(Recorded data)
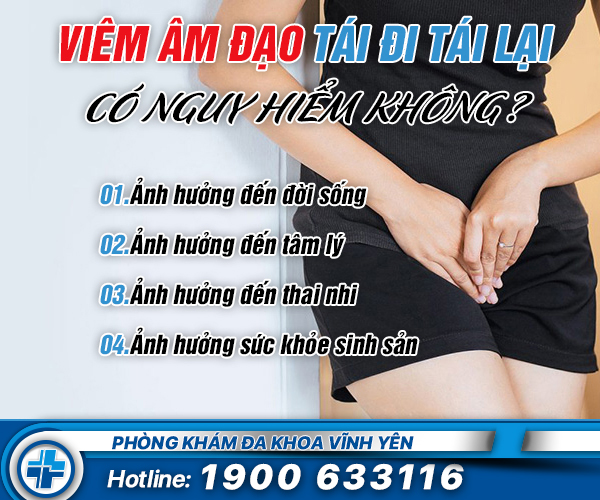 Bài viết trên đây đã chia sẻ thông tin về tình trạng viêm âm đạo tái đi tái lại. Nếu còn bất cứ băn khoăn gì hãy vui lòng liên hệ với Chuyên khoa thông qua Hotline: 1900 633 116 / 0333 633 116 sẽ được tư vấn miễn phí 24/7. Hoặc trực tiếp đến phòng khám đa khoa Vĩnh Yên để thăm khám và chữa trị bằng phương pháp tân tiến.
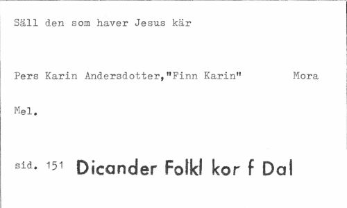 //// Säll den som haver Jesus kär //// Pers Karin Andersdotter,"Finn Karin" Mora //// Mel. //// sid. 151 Dicander Foikl kor f Dai ////
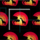 Den afrikanska solnedgångillustrationen med den röda grungesolen, giraffet och träd silhouette dekoration på svart bakgrund. Det är möjligheten som ändrar bakgrundsfärgen och att tillfoga olik till designen med ditt primat.
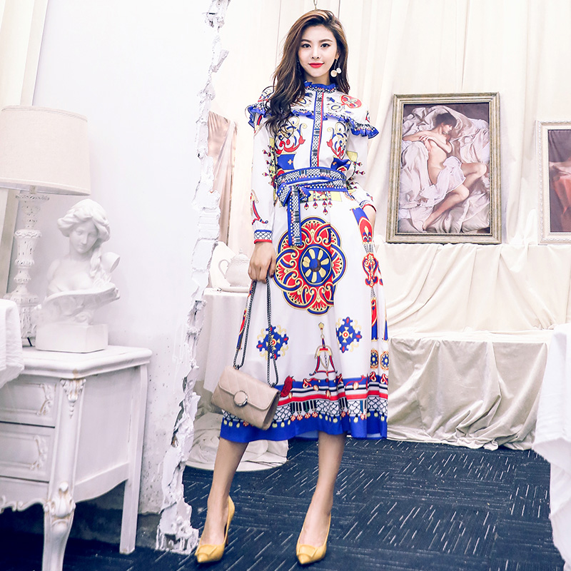 / 名媛氣質2018秋新款時髦襯衫高腰顯瘦洋氣復古印花裙子長款連衣裙
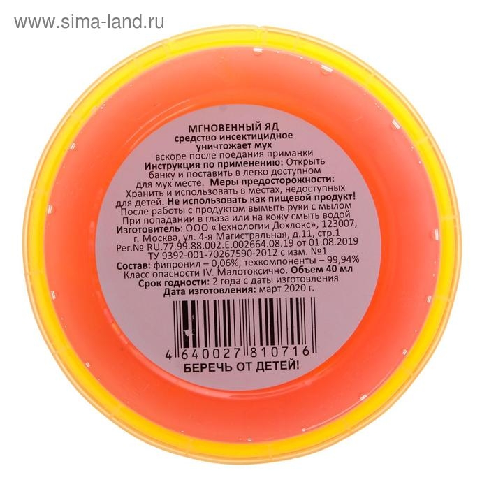 Средство от мух с мгновенным ядом Отравное варенье «Сгинь!» является инсектицидной приманкой для уничтожения мух.Гибель насекомых наступает вскоре после поедания приманки.Откройте банку и поставьте в легкодоступном для мух месте.Осторожно! Хранить и ставить в труднодоступном для детей и домашних животных, месте.Не использовать как пищевой продукт.После работы вымыть руки водой с мылом.При попадание средства в глаза или на кожу, смыть водой.Состав: фипронил – 0,06%, техкомпоненты – 99,94%.Инструкция по применению: открыть банку и поставить в легко доступном для мух месте.
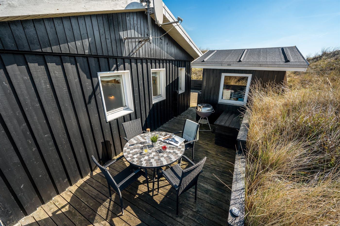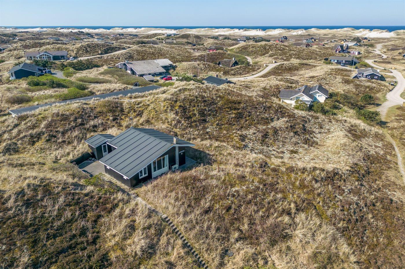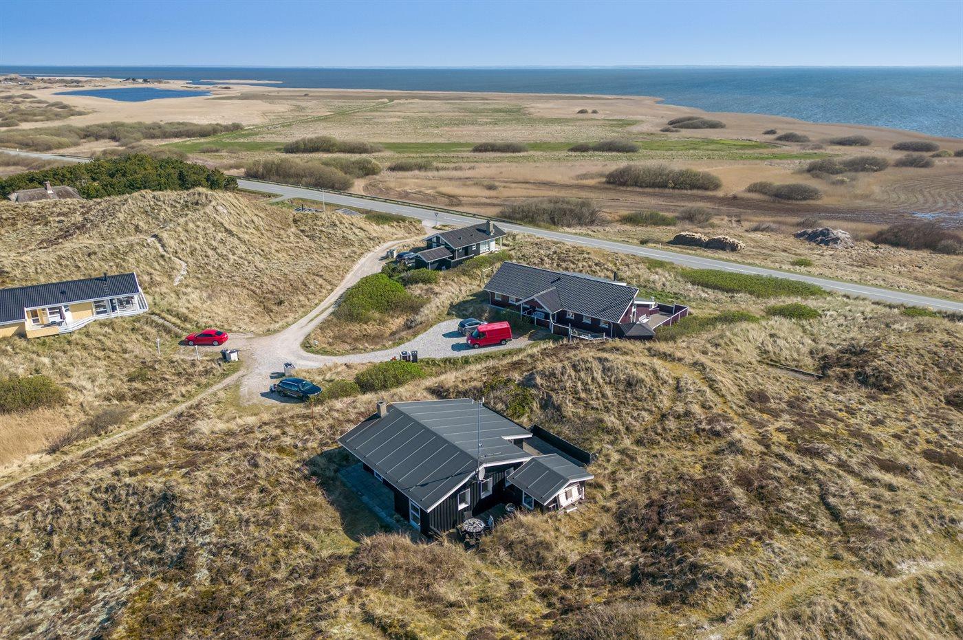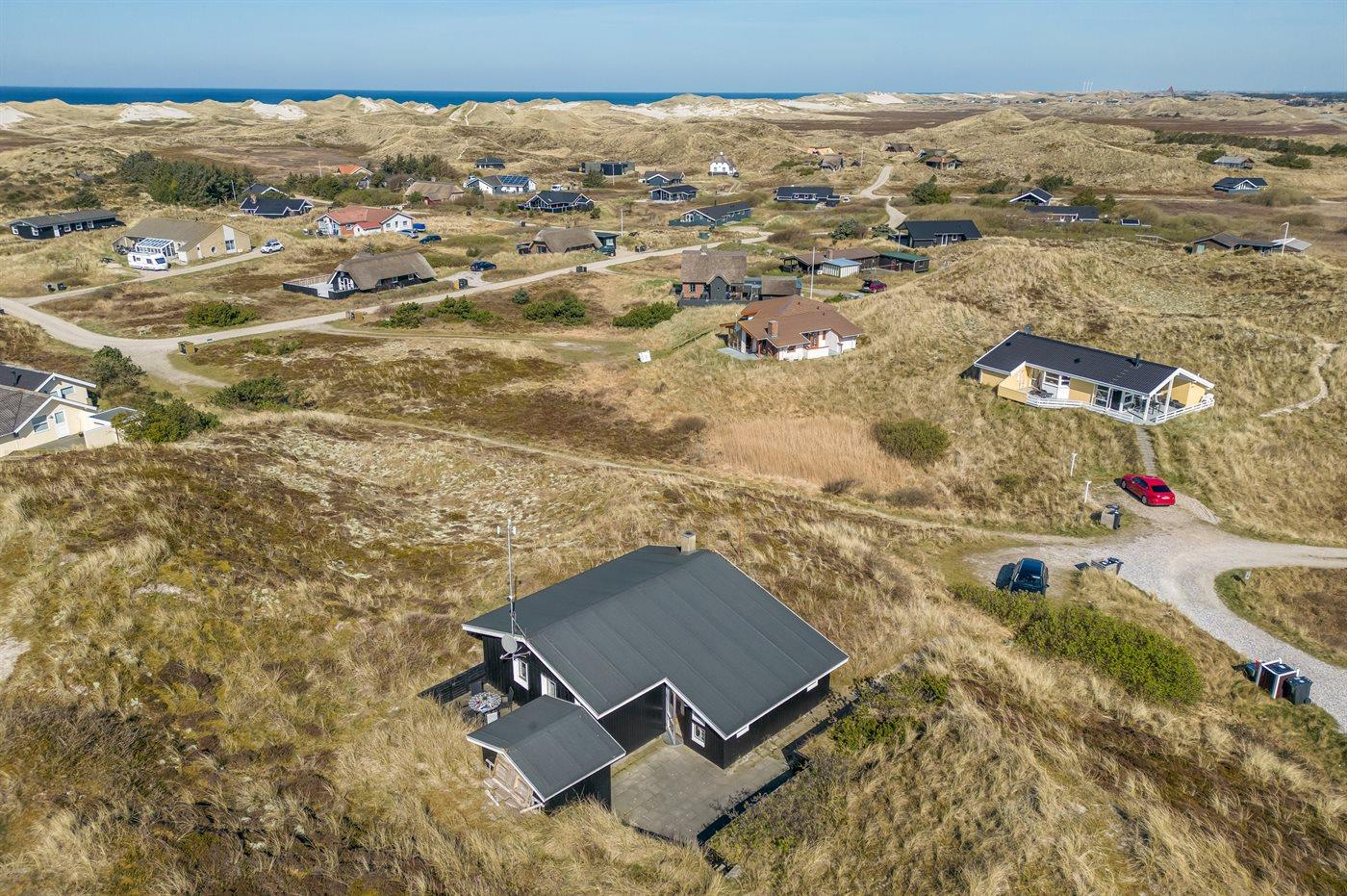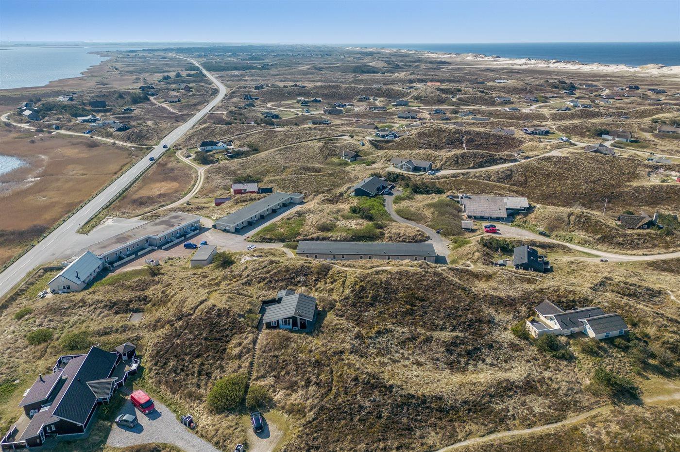 Ferieboligen er beliggende på en 2500 m² stor klitgrund. Der er 800 m til havet. Der er 200 m til fjorden. Nærmeste forretning er beliggende i en afstand af 1960 m. Til ferieboligen hører 45 m² terrasseareal. Der er redskabsrum. Parkering ved ferieboligen.

— EXERCISE DESCRIPTION —
An exact restatement of every record is required. Omit the images.

— WRITTEN REPLY —
 Bài viết trên đây đã chia sẻ thông tin về tình trạng viêm âm đạo tái đi tái lại. Nếu còn bất cứ băn khoăn gì hãy vui lòng liên hệ với Chuyên khoa thông qua Hotline: 1900 633 116 / 0333 633 116 sẽ được tư vấn miễn phí 24/7. Hoặc trực tiếp đến phòng khám đa khoa Vĩnh Yên để thăm khám và chữa trị bằng phương pháp tân tiến.
 //// Säll den som haver Jesus kär //// Pers Karin Andersdotter,"Finn Karin" Mora //// Mel. //// sid. 151 Dicander Foikl kor f Dai ////
 Den afrikanska solnedgångillustrationen med den röda grungesolen, giraffet och träd silhouette dekoration på svart bakgrund. Det är möjligheten som ändrar bakgrundsfärgen och att tillfoga olik till designen med ditt primat.
 / 名媛氣質2018秋新款時髦襯衫高腰顯瘦洋氣復古印花裙子長款連衣裙
 Средство от мух с мгновенным ядом Отравное варенье «Сгинь!» является инсектицидной приманкой для уничтожения мух.Гибель насекомых наступает вскоре после поедания приманки.Откройте банку и поставьте в легкодоступном для мух месте.Осторожно! Хранить и ставить в труднодоступном для детей и домашних животных, месте.Не использовать как пищевой продукт.После работы вымыть руки водой с мылом.При попадание средства в глаза или на кожу, смыть водой.Состав: фипронил – 0,06%, техкомпоненты – 99,94%.Инструкция по применению: открыть банку и поставить в легко доступном для мух месте.
 Ferieboligen er beliggende på en 2500 m² stor klitgrund. Der er 800 m til havet. Der er 200 m til fjorden. Nærmeste forretning er beliggende i en afstand af 1960 m. Til ferieboligen hører 45 m² terrasseareal. Der er redskabsrum. Parkering ved ferieboligen.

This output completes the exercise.